The star of Amazon’s Fleabag pulls off quite the juggling act. In the fourth-wall-breaking dramatic comedy about a single woman living in London, Phoebe Waller-Bridge alternates with lightning speed between the scenes’ action and wry, wide-eyed addresses into the camera. It’s a claustrophobia-inducing effect that she nevertheless pulls off, injecting the role with boundless acerbic energy. Waller-Bridge, who does more with a raised eyebrow than most actors do with their entire faces, goes headlong into her antagonistic, sex-obsessed character, who’s afraid that she’s, in her own words, a “greedy, perverted, selfish, apathetic, cynical, depraved, morally bankrupt woman who can’t even call herself a feminist.” The actor, who also created the series, has her work cut out for her in making such a character sympathetic and vulnerable. As the six-episode series progresses, her lonely character’s despair over her best friend’s death cracks the facade of her wide, toothy smile, with the biggest emotional upheaval coming in the final episode, when the camera ceases to receive the character’s asides but accuses by silently cornering her. In the reversal, Waller-Bridge proves that she’s just as good at showing her character’s pain as she is at hiding it. [Laura Adamczyk]

Liza Weil, Gilmore Girls: A Year In The Life

Although much of the buzz around the Gilmore Girls revival was about the show’s titular women, it was Liza Weil’s Paris Geller who really stole the show. Weil wasn’t in much of the show, cumulatively—trying to cram 9,000 characters into 360 minutes will do that—but she owned the scenes she was in. Fully embracing a wardrobe of power jackets and Geller’s career as a fertility bank kingpin, Weil played Paris with intensity, charm, and an underlying sense of wit and whimsy. While every scene is arguably Paris’ best, there’s one that’s emerged as the internet’s favorite, GIFs and all. When Paris thinks she’s seen old crush Tristan on a trip back to Chilton, she spirals into a full-scale bathroom-clearing freak-out, one that kicks into high gear when Francie, a high school mean girl, stumbles into the discussion. Bonus points to Weil for her spike-heel-clad door kick; considering it was executed on tile, it gets more miraculous with each loop of the GIF. [Marah Eakin]

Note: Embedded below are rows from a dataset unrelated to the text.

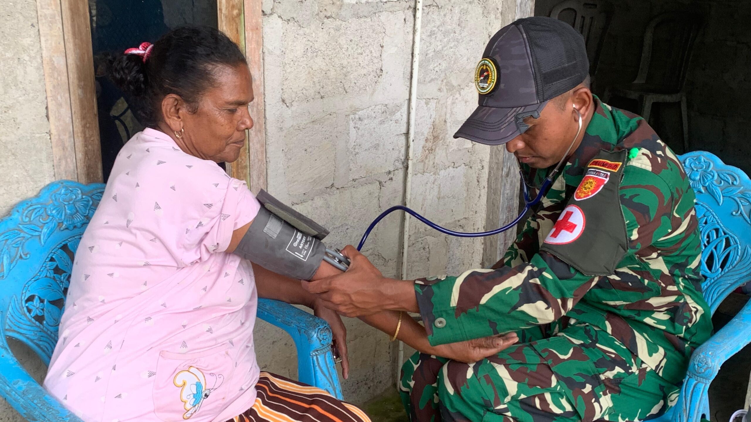 Belu – Personel Pos Lakmars Satgas Pamtas RI–RDTL Sektor Timur Yonarmed 12 Kostrad melaksanakan pelayanan kesehatan keliling bagi masyarakat di Kampung Baru, Desa Henes, Kecamatan Lakmanen Selatan, Kabupaten Belu. Kegiatan ini merupakan bentuk kepedulian prajurit terhadap kondisi kesehatan warga sekaligus upaya mempererat hubungan dengan masyarakat di wilayah perbatasan, Selasa (17/02/2026).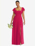 【STYLE: 1568】Flutter Sleeve Scoop Open-Back Chiffon Maxi Dress【COLOR: Vivid Pink】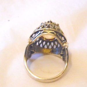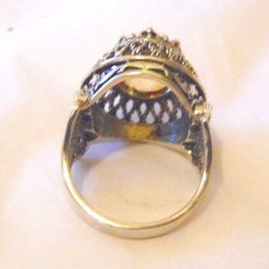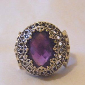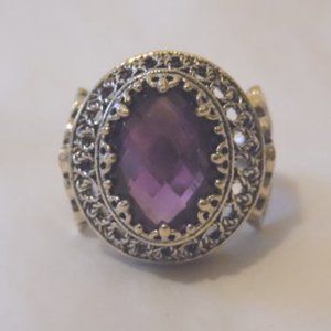 Ottoman Silver Amethyst Oval Gemstone Filigree Ring Size 8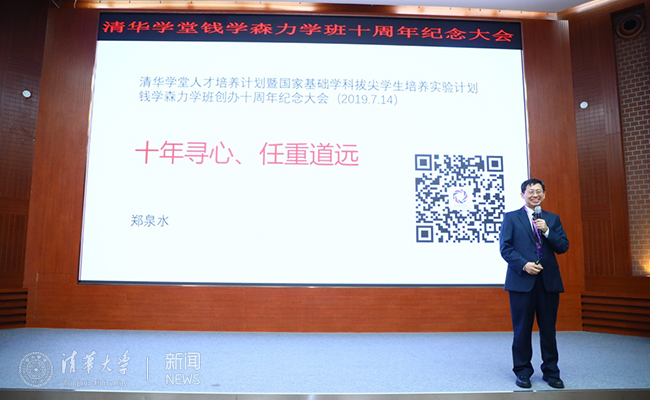钱学森力学班首席教授郑泉水在致辞中向一直以来给予钱学森力学班支持和关注的各界人士表示感谢。他表示,钱学森力学班本着开放式创新培养和以学生为主的理念,重在通过研究学习,帮助学生发现内在志趣,激发创造潜力。今后将坚持探索和优化创新人才培养方法和途径,继续发掘和培养通过技术改变世界、造福人类的创新型人才,努力为工科创新发展探索新路、提供借鉴,为国家培养更多拔尖创新人才。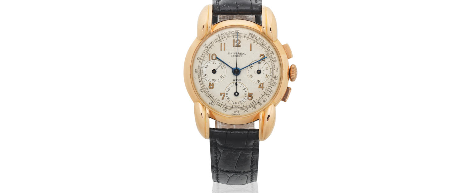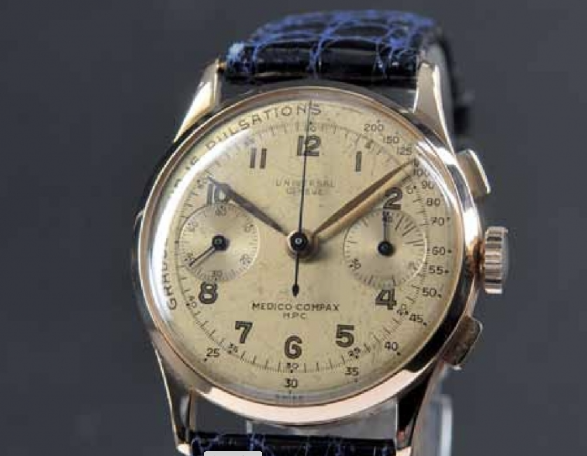 Sellers description "A scarce Universal Geneve Medico-Compax all steel Ref. 224108 doctor`s chronograph, a 1945 medical chrono fitted with its original silvered dial in its original and superior untouched condition".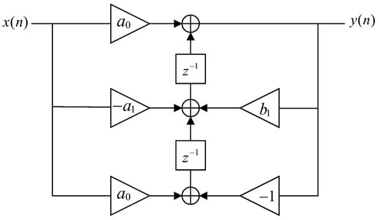 It should be pointed that, as shown in (11), the transfer function of the BF given by (10) is characterized by three parameters , , and . Therefore, the BF could be easily implemented in a digital signal processor by using the Transposed Canonical Form, as it is shown in Figure 4.

Samira Wiley, Orange Is The New Black

From the start of Orange Is The New Black, Samira Wiley’s Poussey has been the heart of the show. She’s educated, kind, and friends with everyone from Taystee to Blair Brown’s Martha Stewart-esque Judy King to the annoying-to-everyone-else Soso. Unlike Piper or Red, who just seemed interested in using their own machinations for Litchfield power moves, Poussey was the most positive inmate, the one who seemed determined to make the best of this horrible hand her life had been dealt, even winding up with a post-incarceration job offer from Judy. Over the past four seasons, Wiley’s performance never faltered, as Poussey is a still water that ran deep beneath her constant smile, always looking for answers in that library of hers. So when a riot busts out in season four’s devastating “The Animals,” the fate of no other character could have had that kind of impact, flat-out eviscerating the entire institution. [Gwen Ihnat]

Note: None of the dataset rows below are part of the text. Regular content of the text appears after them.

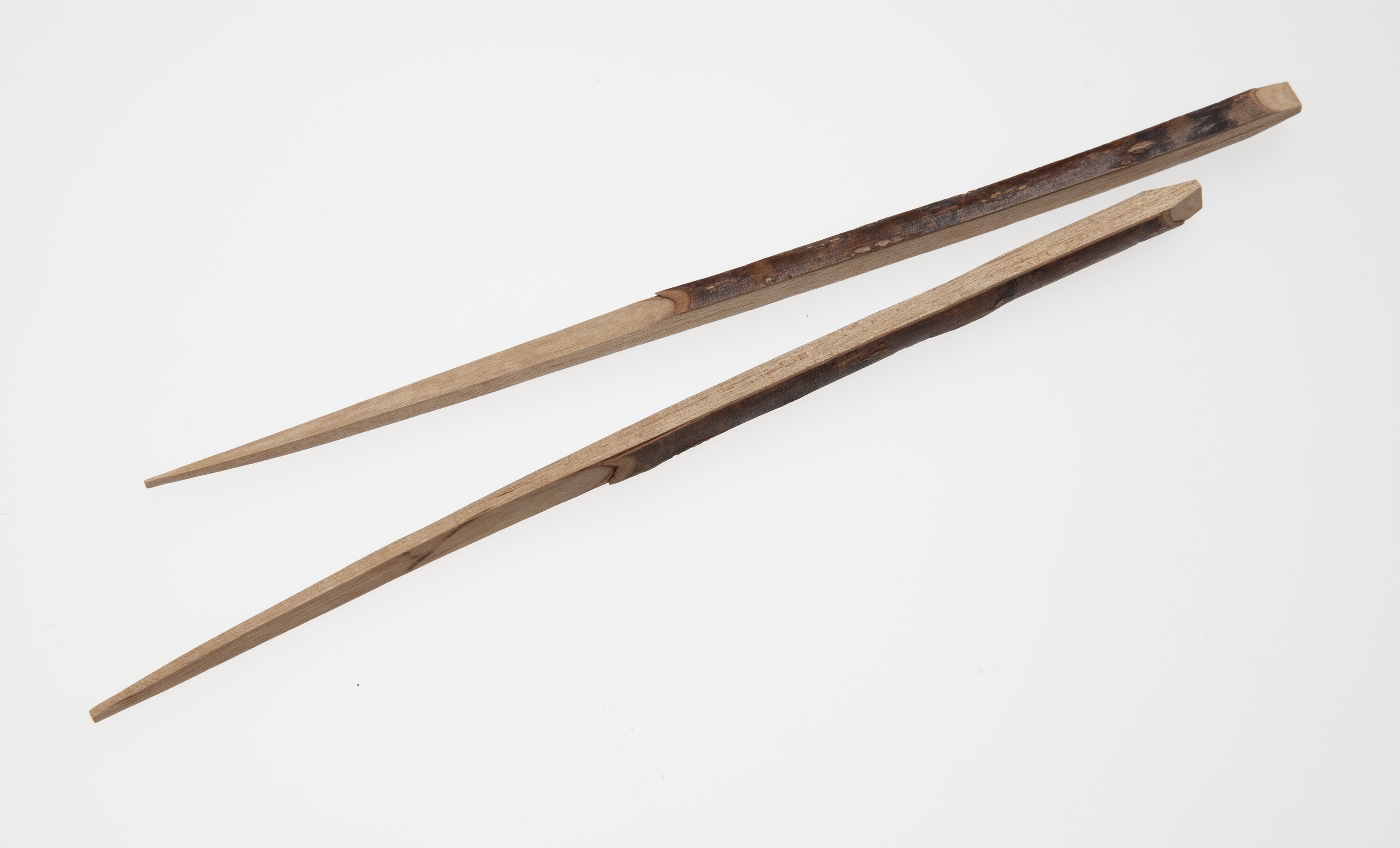 Pair of Japanese wooden picks for serving and eating sweets. It is part of a traditional Japanese 'hibati' tea-ceremony set, brought to Australia by Masumi Hiraga Jackson when she migrated to Australia in 1985. Masumi practices traditional Japanese tea ceremony in Melbourne, as part of her endeavours to maintain Japanese cultural activities in Melbourne. For Masumi, the traditional Japanese tea ceremony is an art form, one of beauty, tranquillity and simplicity of movement. Tea ceremony is the ritualised way of preparing, serving and drinking 'matcha' (powdered green tea). Tea drinking was introduced from China and first practised only by Buddhist priests, and then by samurai warriors. It gradually spread throughout Japan. Greatly influenced by Zen Buddhism, the tea ceremony has in turn influenced many aspects of Japanese culture.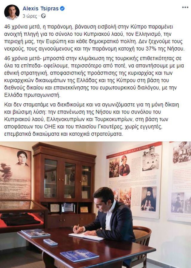 «46 χρόνια μετά, η παράνομη, βάναυση εισβολή στην Κύπρο παραμένει ανοιχτή πληγή για το σύνολο του Κυπριακού λαού, τον Ελληνισμό, την περιοχή μας, την Ευρώπη και κάθε δημοκρατικό πολίτη.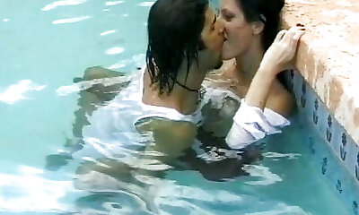 Busty and fine classic hot gals by the pool get into each other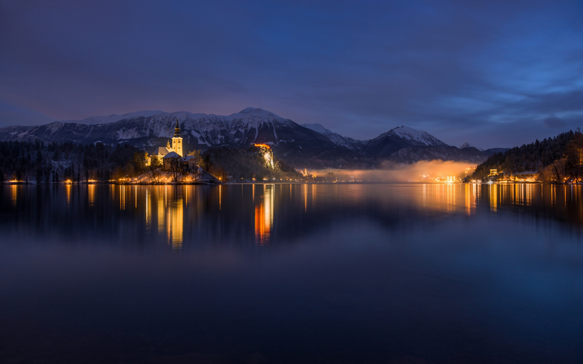 Description: A lake with a castle in the middle of it and mountains in the background at night time with fog.
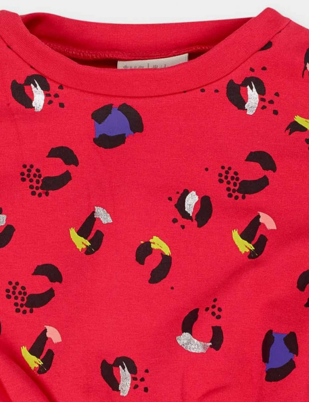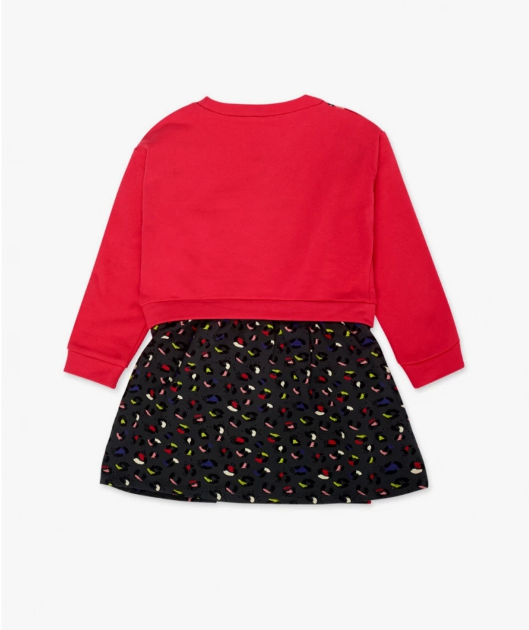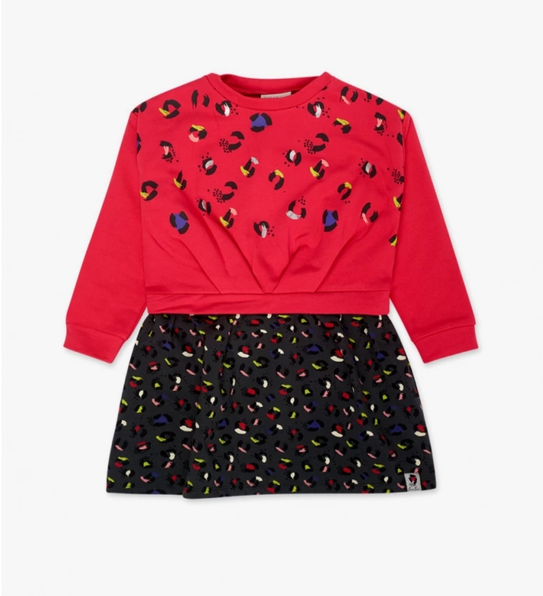 Βαμβακερό φόρεμα σε ροζ κοραλί χρώμα το πάνω μέρος και γκρί ανθρακί με ιδιαίτερο animal all over το κάτω μέρος είναι από τη συλλογή Wild & free της TUC TUC.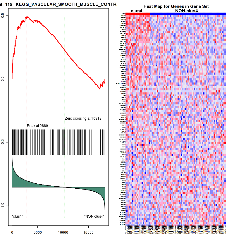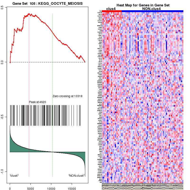 For the expression subtypes of 18203 genes in 87 samples, GSEA found enriched gene sets in each cluster using 86 gene sets in MSigDB canonical pathways. Top enriched gene sets are listed as below.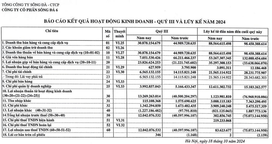 Doanh thu hoạt động tài chính chỉ vỏn vẹn đạt 3 triệu đồng, chi phí tài chính và quản lý doanh nghiệp đều giảm. Kết quả là, SD6 báo lãi 83,6 triệu đồng trong khi cùng kỳ năm ngoái báo lỗ hơn 75 tỷ đồng.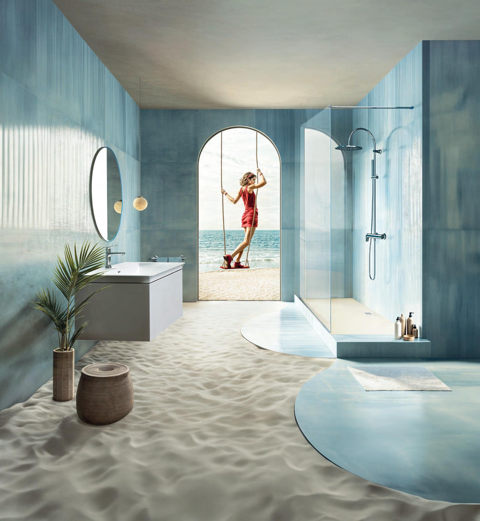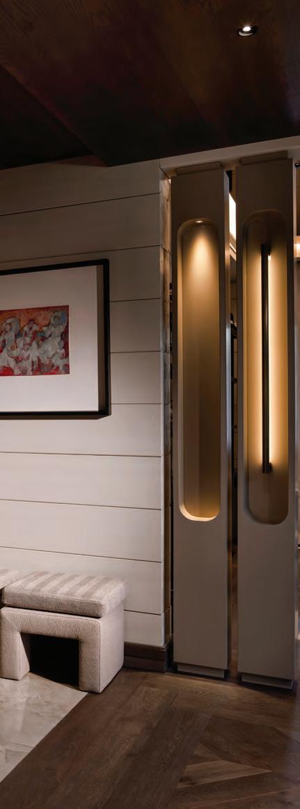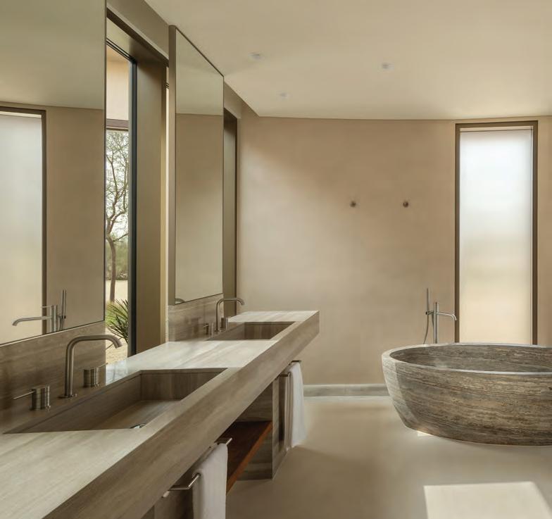 “an intimate wellness retreat.” This in turn has led to rising demand for more spacious layouts and the incorporation of natural and sustainable materials to enhance feelings of comfort and closeness to nature. At the same time, increased focus is being given to organisation in the bathroom, to create spa-like, clutterfree areas that are both visually and sensorially soothing. Saccal notes how lighting is also playing an important role in creating this new space for wellness. “There is a growing preference for dimmable lighting and multiple lighting options, allowing homeowners to adjust the ambiance throughout the day and night to suit their mood and needs,” she adds.

Zach Woods, Silicon Valley

“This guy fucks,” Russ Hanneman, Chris Diamantopoulos’ douchebag entrepreneur, proclaims upon first meeting Zach Woods’ gawky, gregarious Jared in Silicon Valley’s second season. And while it’s literally true—Jared is indeed revealed to be “a sexual being” with an extensive history of gentlemanly encounters—it’s also an astute observation about Jared’s overall personality, which has increasingly given credence to the maxim “it’s always the quiet ones.” As Jared, Woods has long brought the same earnest, glee-club twinkle he displayed during his similar run on The Office, a chipperness that was increasingly put to the test during Pied Piper’s struggles throughout the HBO comedy’s third season. Woods makes Jared’s unflappable confidence in the friends who ruthlessly mock him and their flailing business feel like a poignant, admirable trait rather than a wholly risible one, and so his emergence by season’s end as the company’s moral center feels totally earned. And of course, it’s only made the continued reveals of Jared’s many private indignities and dark backstory—including his frequent visits to the “butthole doctor,” the newspaper-stuffed Ziploc bag that was his only childhood friend, and the terrifying Nazi outbursts in his sleep—all the funnier. The way Woods deftly underplays these increasingly outlandish peeks into the terrifying reality of Jared, there’s seemingly no end to the myriad ways in which he fucks. [Sean O’Neal]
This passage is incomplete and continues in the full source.